Here, each line that’s passed to cut is being split on spaces into fields, and then the third field to the last field is being printed. The total number of fields may be different per input line. With sed we can accomplish the same task in a much more complex manner:

  1. $ sed -rn 's/^CHAPTER ([IVXLCDM]{1,})\. (.*)$/\2/p' alice.txt > /dev/null

(Since the output is the same it’s omitted by redirecting it to /dev/null.) This approach uses a regular expression and a back reference. Here, sed also takes over the work done by grep. This complex approach is only advisable when a simpler one would not work. For example, if chapter was ever part of the text itself and not just used to indicate the start of a new chapter. Of course there are many levels of complexity which would have worked around this, but this was to illustrate an extremely strict approach. In practice, the challenge is to find a good balance between complexity and flexibility.

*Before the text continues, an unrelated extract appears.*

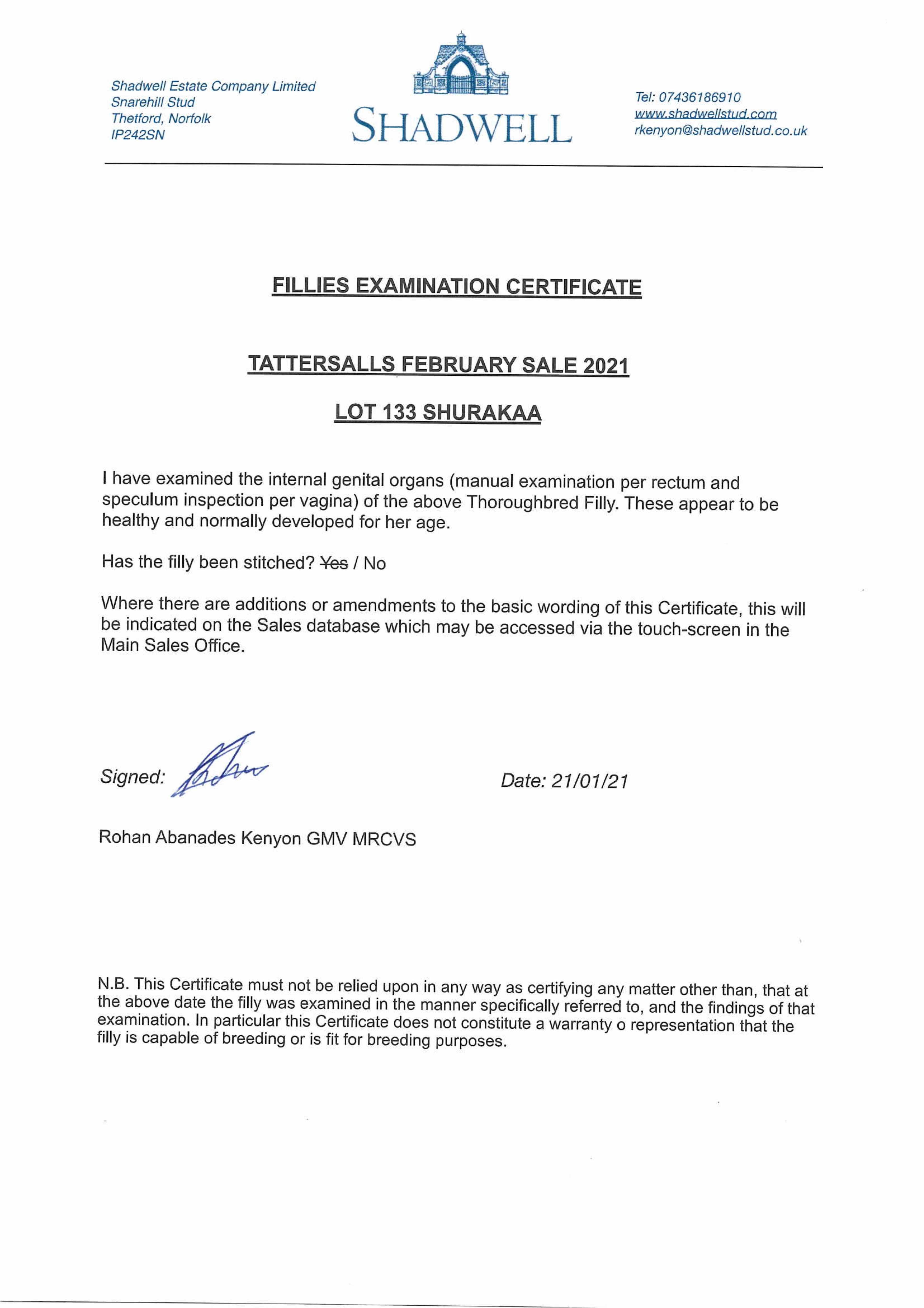 Contact: Dennis O'Brien ✆ +447885492528 ✉ dobrien@shadwellstud.co.uk

It’s worth noting that cut can also split on characters positions. This is useful for when you want to extract (or remove) the same set of characters per input line:

  1. $ grep -i chapter alice.txt | cut -c 9-
  2. I. Down the Rabbit-Hole
  3. II. The Pool of Tears
  4. III. A Caucus-Race and a Long Tale
  5. IV. The Rabbit Sends in a Little Bill
  6. V. Advice from a Caterpillar
  7. VI. Pig and Pepper
  8. VII. A Mad Tea-Party
  9. VIII. The Queen's Croquet-Ground
  10. IX. The Mock Turtle's Story
  11. X. The Lobster Quadrille
  12. XI. Who Stole the Tarts?
  13. XII. Alice's Evidence

grep has a great feature that outputs every match onto a separate line:

  1. $ < alice.txt grep -oE '\w{2,}' | head
  2. Project
  3. Gutenberg
  4. Alice
  5. Adventures
  6. in
  7. Wonderland
  8. by
  9. Lewis
  10. Carroll
  11. This

But what if we wanted to create a data set of all the words that start with an a and end with an e. Well, of course there’s a pipeline for that too:

  1. $ < alice.txt tr '[:upper:]' '[:lower:]' | grep -oE '\w{2,}' |
  2. > grep -E '^a.*e$' | sort | uniq -c | sort -nr |
  3. > awk '{print $2","$1}' | header -a word,count | head | csvlook
  4. |-------------+--------|
  5. | word | count |
  6. |-------------+--------|
  7. | alice | 403 |
  8. | are | 73 |
  9. | archive | 13 |
  10. | agree | 11 |
  11. | anyone | 5 |
  12. | alone | 5 |
  13. | age | 4 |
  14. | applicable | 3 |
  15. | anywhere | 3 |
  16. | alive | 3 |
  17. |-------------+--------|

5.2.3 Replacing and Deleting Values

You can use the command-line tool tr, which stands for translate, to replace individual characters. For example, spaces can be replaced by underscores as follows:

  1. $ echo 'hello world!' | tr ' ' '_'
  2. hello_world!

If more than one character needs to be replaced, then you can combine that:

  1. $ echo 'hello world!' | tr ' !' '_?'
  2. hello_world?

tr can also be used to delete individual characters by specifying the argument -d:

  1. $ echo 'hello world!' | tr -d -c '[a-z]'
  2. helloworld

Here, we’ve actually used two more features. First we’ve specified a set of characters (all lowercase letters). Second we’ve indicated that the complement -c should be used. In other words, this command only retains lowercase letters. We can even use tr to convert our text to uppercase:

  1. $ echo 'hello world!' | tr '[a-z]' '[A-Z]'
  2. HELLO WORLD!
  3. $ echo 'hello world!' | tr '[:lower:]' '[:upper:]'
  4. HELLO WORLD!

The latter command is preferable because that also handles non-ASCII characters. If you need to operate on more than individual characters, then you may find sed useful. We’ve already seen an example of sed with extracting the chapter headings from Alice in Wonderland. Extracting, deleting, and replacing is actually all the same operation in sed. You just specify different regular expressions. For example, to change a word, remove repeated spaces, and remove leading spaces:

  1. $ echo ' hello world!' | sed -re 's/hello/bye/;s/\s+/ /g;s/\s+//'
  2. bye world!

The argument -g stands for global, meaning that the same command can be applied more than once on the same line. We do not need that with the second command, which removes leading spaces. Note that regular expressions of the first and the last command could have been combined into one regular expression.